RECORDS START

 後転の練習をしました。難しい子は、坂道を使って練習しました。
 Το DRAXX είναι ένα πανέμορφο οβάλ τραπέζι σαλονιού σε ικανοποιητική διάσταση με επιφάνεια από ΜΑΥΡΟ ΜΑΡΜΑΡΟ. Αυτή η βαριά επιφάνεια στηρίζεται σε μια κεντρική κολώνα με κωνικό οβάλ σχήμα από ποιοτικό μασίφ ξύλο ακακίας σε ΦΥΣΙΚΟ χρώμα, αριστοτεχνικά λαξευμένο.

RECORDS END
RECORDS START

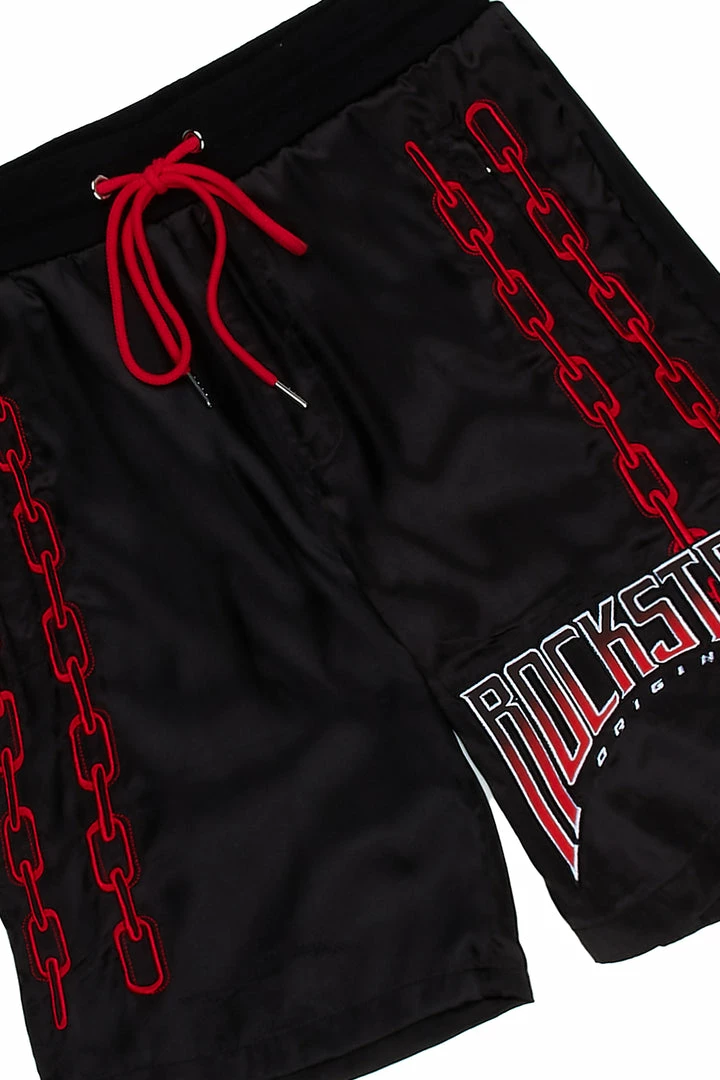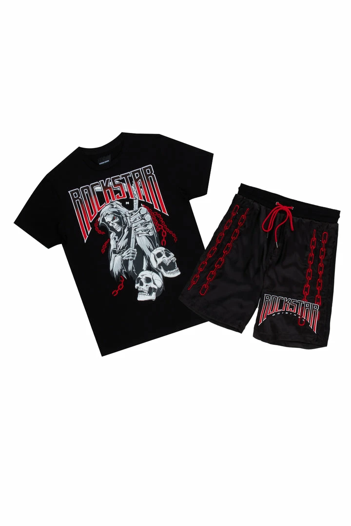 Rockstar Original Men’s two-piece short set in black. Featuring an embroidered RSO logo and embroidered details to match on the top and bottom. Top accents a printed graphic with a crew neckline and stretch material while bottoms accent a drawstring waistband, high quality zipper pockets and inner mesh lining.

RECORDS END

EXERCISE DETAILS: Give back, unchanged, the run of lines in the listing above that begins at the line containing "後転の練習をしました。難しい子は、坂道を使って練習しました。" and ends at the line containing "Το DRAXX είναι", both included.

RESPONSE BOX:
 後転の練習をしました。難しい子は、坂道を使って練習しました。
 Το DRAXX είναι ένα πανέμορφο οβάλ τραπέζι σαλονιού σε ικανοποιητική διάσταση με επιφάνεια από ΜΑΥΡΟ ΜΑΡΜΑΡΟ. Αυτή η βαριά επιφάνεια στηρίζεται σε μια κεντρική κολώνα με κωνικό οβάλ σχήμα από ποιοτικό μασίφ ξύλο ακακίας σε ΦΥΣΙΚΟ χρώμα, αριστοτεχνικά λαξευμένο.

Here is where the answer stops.